Journal of Convex Analysis 32 (2025), No. 4, 1117--1134
Copyright Heldermann Verlag 2025
Schrödinger-Poisson System Involving Potential Vanishing at Infinity and Unbounded Below
Genivaldo P. Correa
Faculty of Exact and Technological Sciences, Federal University of Pará, Abaetetuba, Brazil
genivaldo@ufpa.br
Gelson C. G. dos Santos
Institute of Exact and Natural Sciences, Federal University of Pará, Belém, Brazil
gelsonsantos@ufpa.br
[Abstract-pdf]
This article concerns the following class of system \begin{equation*} \left\{ \begin{array}{lr} -\Delta u +V(x)u+\ell(x)\phi u = f(u) + \lambda|u|^{q-2}u & \mbox{in } \mathbb{R}^3,\\[2mm] -\Delta \phi = \ell(x)u^{2} & \mbox{in } \mathbb{R}^3,\\[2mm] u,\phi\in D^{1,2}(\mathbb{R}^3), \ u,\phi\geq0 & \mbox{in } \mathbb{R}^3, \end{array} \right. \end{equation*} where $\lambda\geq0$ and $q\geq2^*=6$ is the critical Sobolev exponent in dimension 3, the nonlinearity $f:\mathbb{R}\rightarrow \mathbb{R}$ is superlinear and has subcritical growth, $V,\ell: \mathbb{R}^3\rightarrow \mathbb{R}$ are measurable functions with $\ell\in L^2(\mathbb{R}^3)$, the potential $V$ can change sign in $\mathbb{R}^3$ and vanish at infinity, that is, $V (x) \rightarrow 0 $ as $|x|\rightarrow\infty$. Our approach is based on variational method combined with Benci-Fortunato's reduction argument [\,Topol.\ Methods Nonlinear Anal.\ 11 (1998) 283--293], Del Pino-Felmer's penalization technique [\,Calc.

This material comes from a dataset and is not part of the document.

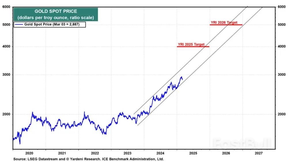 في غضون ذلك، ظل ارتفاع سعر الذهب ثابتًا بشكل ملحوظ منذ أواخر عام ٢٠٢٣ (الرسم البياني). وكان التراجع الأخير معتدلًا جدًا حتى الآن. نستهدف (ولا نعد) سعرًا للذهب يبلغ ٤٠٠٠ دولار للأونصة بنهاية هذا العام و٥٠٠٠ دولار بنهاية عام ٢٠٢٦.
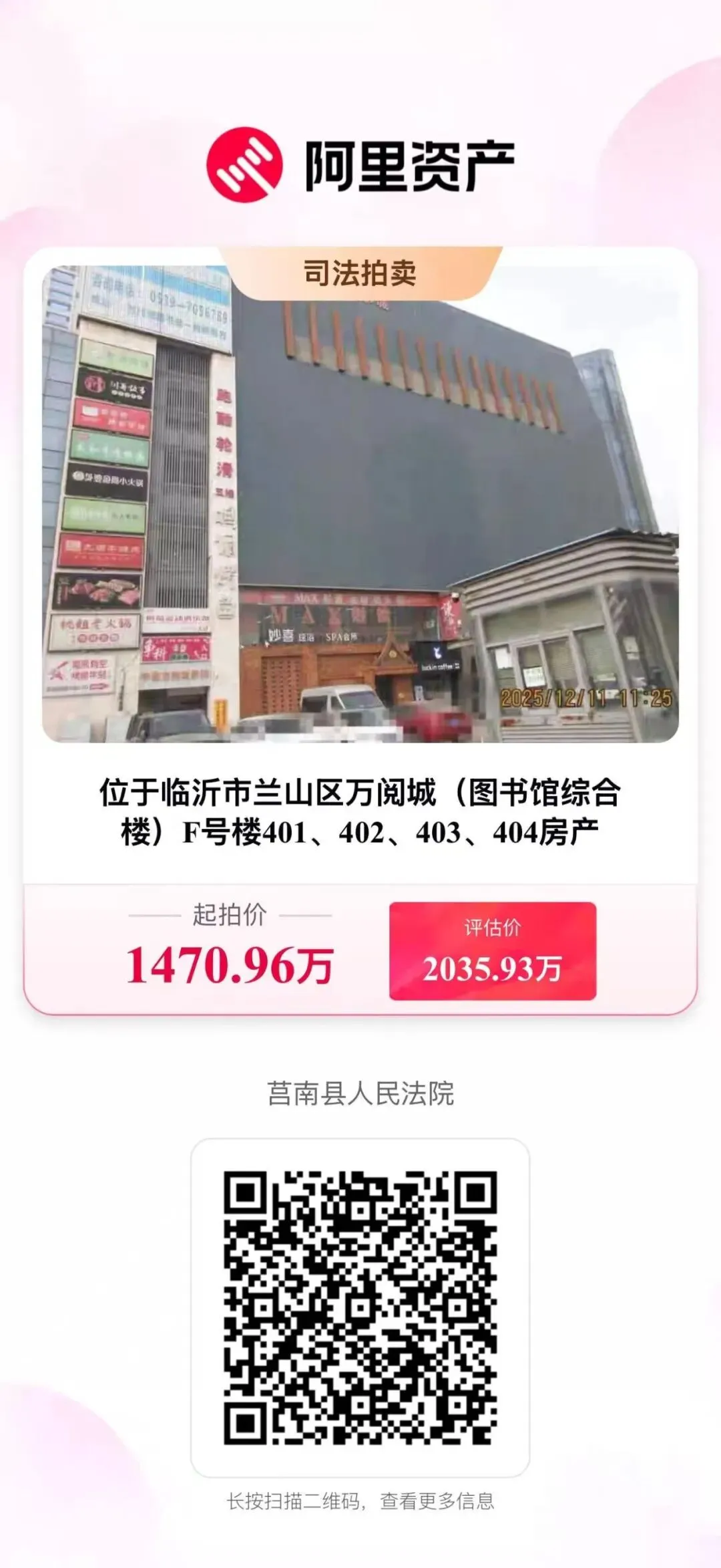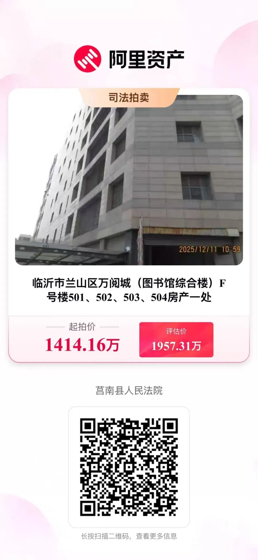 2.拍品名称:位于临沂市兰山区万阅城(图书馆综合楼)F号楼401、402、403、404房产

Var. Partial Diff. Equations 4 (1996) 121--137] and $L^\infty$-estimate.
Keywords: Schroedinger-Poisson system, variational methods, Mountain Pass Theorem, nontrivial solution, supercritical exponents, vanishing potential, sign-changing potential.
MSC: 35A15, 35Q61, 35B38, 35B09.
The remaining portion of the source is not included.